§ ACTION ITEM
Set the pictures aside and transcribe exactly the lines from the one containing "Moscopole/Voskopoja church of Saint Nicolaus" through the final line of the records.

§ Data records
Start of Block

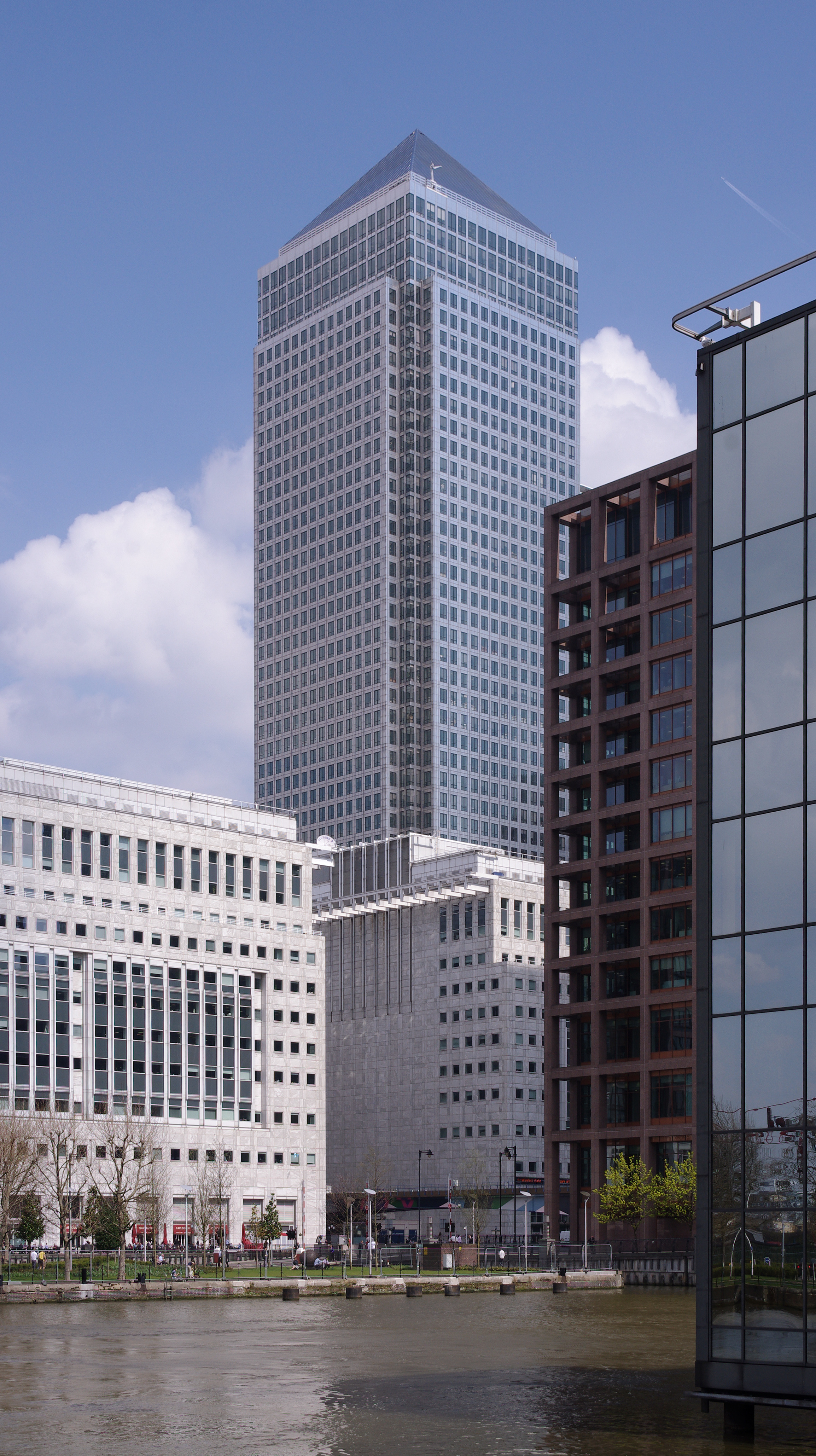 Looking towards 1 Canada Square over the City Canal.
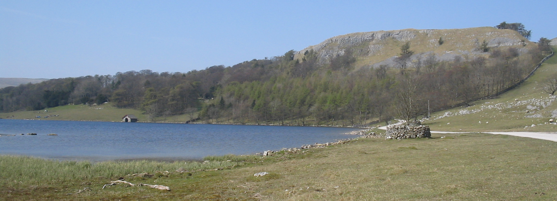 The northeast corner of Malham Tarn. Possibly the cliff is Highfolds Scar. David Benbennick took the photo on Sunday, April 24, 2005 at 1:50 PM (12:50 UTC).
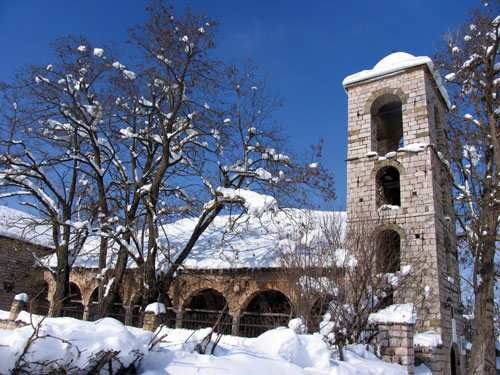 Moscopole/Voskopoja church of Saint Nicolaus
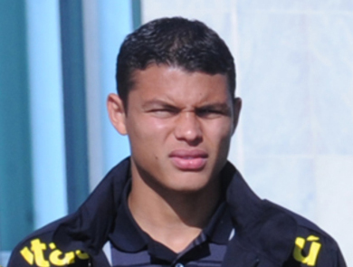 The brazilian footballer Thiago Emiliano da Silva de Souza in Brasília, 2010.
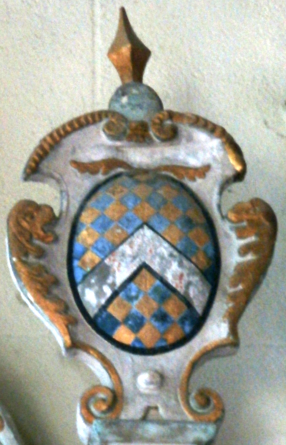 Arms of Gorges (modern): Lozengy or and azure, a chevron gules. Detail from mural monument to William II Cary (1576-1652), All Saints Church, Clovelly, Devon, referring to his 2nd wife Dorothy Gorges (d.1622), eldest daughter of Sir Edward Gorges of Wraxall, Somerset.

End of Block

§ ANSWER BOX
 Moscopole/Voskopoja church of Saint Nicolaus
 The brazilian footballer Thiago Emiliano da Silva de Souza in Brasília, 2010.
 Arms of Gorges (modern): Lozengy or and azure, a chevron gules. Detail from mural monument to William II Cary (1576-1652), All Saints Church, Clovelly, Devon, referring to his 2nd wife Dorothy Gorges (d.1622), eldest daughter of Sir Edward Gorges of Wraxall, Somerset.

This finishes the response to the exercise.